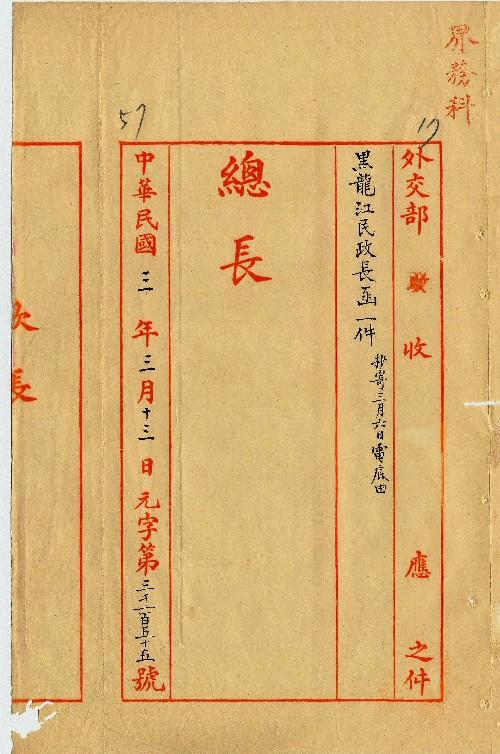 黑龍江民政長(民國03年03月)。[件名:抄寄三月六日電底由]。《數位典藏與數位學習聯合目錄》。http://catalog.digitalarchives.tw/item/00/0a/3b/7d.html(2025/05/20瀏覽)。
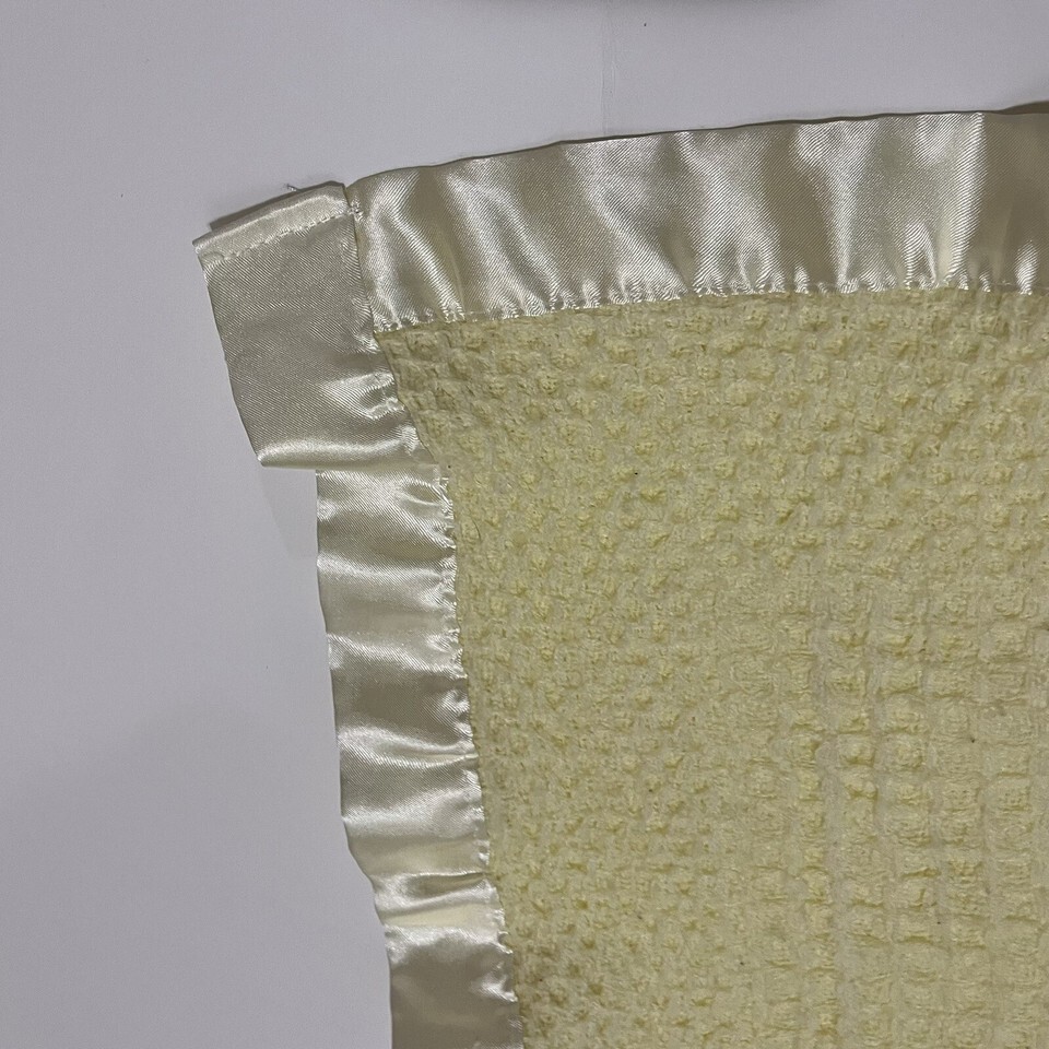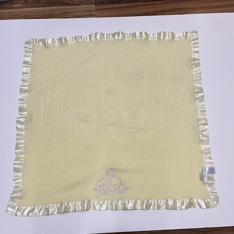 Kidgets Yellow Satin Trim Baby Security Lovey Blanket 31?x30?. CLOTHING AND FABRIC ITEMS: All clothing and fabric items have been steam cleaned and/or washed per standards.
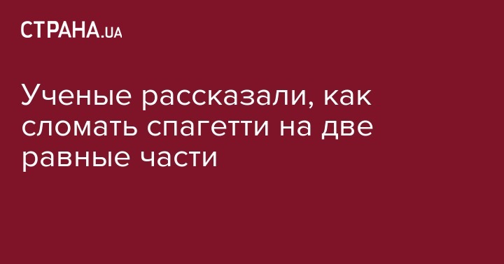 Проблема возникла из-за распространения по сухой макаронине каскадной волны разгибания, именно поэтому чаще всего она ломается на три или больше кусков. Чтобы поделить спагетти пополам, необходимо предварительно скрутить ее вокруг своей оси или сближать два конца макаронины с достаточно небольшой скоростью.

::::

(WHAT TO PRODUCE)
Leave out the pictures and give the rest of the material again, unaltered.

(REPLY TO THE TASK)
 黑龍江民政長(民國03年03月)。[件名:抄寄三月六日電底由]。《數位典藏與數位學習聯合目錄》。http://catalog.digitalarchives.tw/item/00/0a/3b/7d.html(2025/05/20瀏覽)。
 Kidgets Yellow Satin Trim Baby Security Lovey Blanket 31?x30?. CLOTHING AND FABRIC ITEMS: All clothing and fabric items have been steam cleaned and/or washed per standards.
 Проблема возникла из-за распространения по сухой макаронине каскадной волны разгибания, именно поэтому чаще всего она ломается на три или больше кусков. Чтобы поделить спагетти пополам, необходимо предварительно скрутить ее вокруг своей оси или сближать два конца макаронины с достаточно небольшой скоростью.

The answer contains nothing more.